++++ Material to process ++++

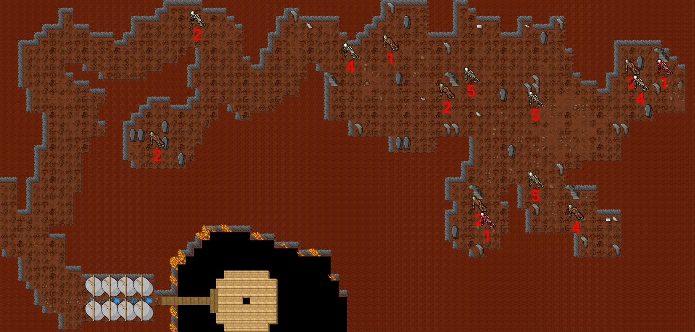Navigating west took you to a split almost right away which led north. This was a huge undead cave filled with Skeletons, Ghouls, and a couple of Demon Skeletons which were dangerous. The large quantities of monsters were unusual, and it was secluded enough that hunting here was worthwhile. However, the incredibly long walk out sucked which often meant only the most dedicated hunted the spawn.
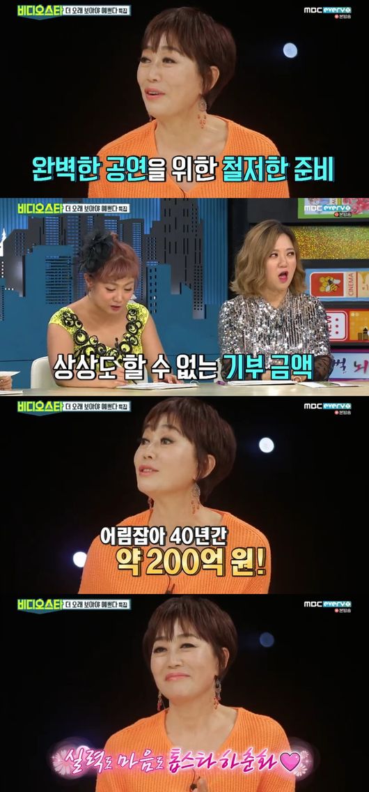 무엇보다 하춘화는 그 많은 돈에 대해 기부로 사회에 환원했다고 했다. 지금까지 40년동안 기부금만 200억이라라고 해 훈훈함을 안긴 것. 실력도 마음도 톱스타인 하춘화였다. /ssu0818@osen.co.kr
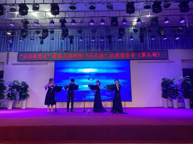 2021年5月14日,由教务处、党委宣传部、校团委、学工处、人文与艺术学院共同推出的“永远跟党走”——南昌工程学院“水之韵”双周音乐会(第九场)于大学生活动中心举行。本次音乐会节目形式多样,内容丰富,现场观众反响热烈,掌声不断。
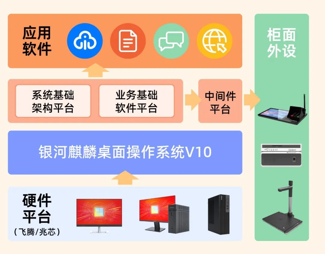 ? 銀河麒麟操作系統具備完善的安全機制,實現自主創新,100%支持柜面業務所需的外設。
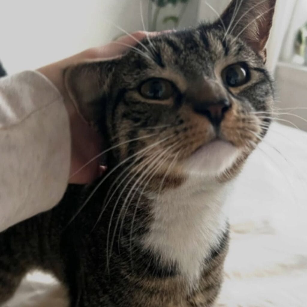 He leaned into gentle pets and responded to attention with soft purrs.

++++

### Task to carry out:
Output the data above exactly, beginning at its first line and ending with the line that holds "무엇보다 하춘화는 그". Leave out the pictures and add nothing.

### The completed task:
Navigating west took you to a split almost right away which led north. This was a huge undead cave filled with Skeletons, Ghouls, and a couple of Demon Skeletons which were dangerous. The large quantities of monsters were unusual, and it was secluded enough that hunting here was worthwhile. However, the incredibly long walk out sucked which often meant only the most dedicated hunted the spawn.
 무엇보다 하춘화는 그 많은 돈에 대해 기부로 사회에 환원했다고 했다. 지금까지 40년동안 기부금만 200억이라라고 해 훈훈함을 안긴 것. 실력도 마음도 톱스타인 하춘화였다. /ssu0818@osen.co.kr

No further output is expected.